Understanding why “100000” and 100000 are not equal… and a deep dive into the factor logic of RLang.

Introduction

Why was I even working with RLang? That’s a good question! The data scientists that I worked with were all quite familiar with the language and were quite happy with the performance of a particular ML algorithm implementation in RLang.

Backstory

In most model training environments you will have data which will need to be transformed into factors. What does this mean?
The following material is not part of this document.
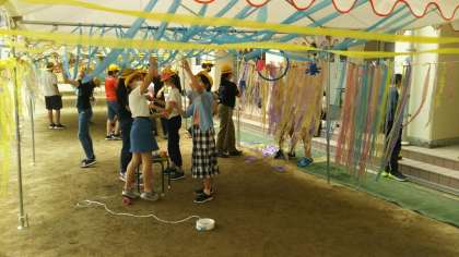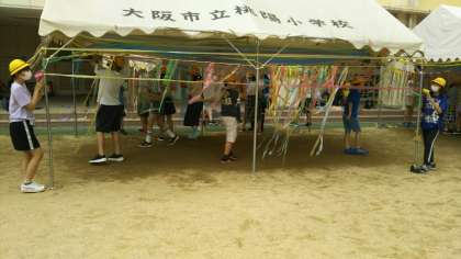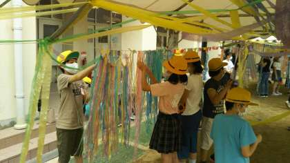 6年生が、図画工作の造形遊びの活動で、運動場にある日除けテントを飾る活動をしていました。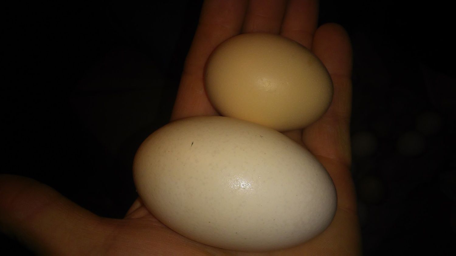 I know her eggs are the same size as my big dark Cornish hens.

For categorical data types to help the model capture the differences in features correctly they are assigned a factor - all of them being on the same order of magnitude, and having a few other characteristics, such as improving data storage required.
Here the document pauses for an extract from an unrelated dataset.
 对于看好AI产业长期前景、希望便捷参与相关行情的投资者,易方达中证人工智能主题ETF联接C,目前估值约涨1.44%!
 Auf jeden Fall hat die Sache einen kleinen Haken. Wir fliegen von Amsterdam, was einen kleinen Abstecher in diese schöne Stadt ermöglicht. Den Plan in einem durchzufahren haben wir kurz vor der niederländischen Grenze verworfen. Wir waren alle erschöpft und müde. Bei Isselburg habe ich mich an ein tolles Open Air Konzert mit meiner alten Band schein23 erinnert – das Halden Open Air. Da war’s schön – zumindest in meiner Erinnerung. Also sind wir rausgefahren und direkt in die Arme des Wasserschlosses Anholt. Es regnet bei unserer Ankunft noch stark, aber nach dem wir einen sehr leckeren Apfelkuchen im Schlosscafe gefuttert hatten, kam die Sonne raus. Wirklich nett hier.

In our case we had a big data frame with a few columns that contain categorical data, such as day-of-week, month and a zone_id column, which we want to transform into factors.

df <- data.table(
  dow = c("Mon", "Tue", "Mon", "Fri"),
  zone = c(100, 100, 101, 200),
  x = 1:4
)

Transforming dow into a factor we would have to do the following:

df$dow_factor <- factor(df$dow, levels=unique(df$dow))
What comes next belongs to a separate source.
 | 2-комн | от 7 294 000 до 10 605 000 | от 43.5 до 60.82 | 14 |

This works fine for character or string data types, however, when you want to transform zone_id into a factor, well…

Let the fun begin!

In our particular case, we wanted to include a fallback value of 0 in our levels. So our transformation code would be:

df$zone_factor <- factor(df$zone, levels=c(0, unique(df$zone)))

This would seem like perfectly fine code that should work - to the untrained eye. From here on I will go very deep into the inner workings of how factor and data types work in this particular case - if you just want to see the TL;DR - browse to the end.

In R when you type 0 in your code you don’t get a value of type integer rather you get a numerical. Why is this problematic? Because, under the hood, deep in the C code that transforms numerical into string there’s something which does not correctly transforms them back to string. This means that match("100000", 100000L) == TRUE, because the 2nd value is now an integer which gets correctly transformed back into a string.

How we stumbled into this

However, little did we know thatclass(0) == numerical, class(unique(df$zone)) == integer, however calling c will cast all of the following values to the type of the first value in the list; meaning that class(c(0, unique(x))) == numerical. Under the hood factor calls match to find the value in the levels that matches the current array element. factor has some code that eventually ends up transforming the current array element into a character data type (by calling as.character).

This means we were now in a position where we were calling match(<character>, <numerical>), and this is how we found out that is.na(match("100000", 100000)) == TRUE, meaning no match.

Lesson learnt

Do not use factor(<type>, levels=<other_type>) or match(<type>, <other_type>) and strive to use factor(<character>, levels=<character>) or R somehow find a way to change your data types into character, but not do this consistently and you’ll end up in a similar debugging nightmare.

Code to exemplify the issue with match:

> is.na(match("100000", 100000))
[1] TRUE
> is.na(match("100001", 100001))
[1] FALSE
> is.na(match("100000", 100000L))
[1] FALSE

First two comparisons is between character and numeric - and no match is found, whilst the 3rd comparison is between character and integer and a match is found. I have not tested this extensively but I found that all multiples of 100k are facing this problem…

I’m sure someone braver than me will dive deeper and understand this problem!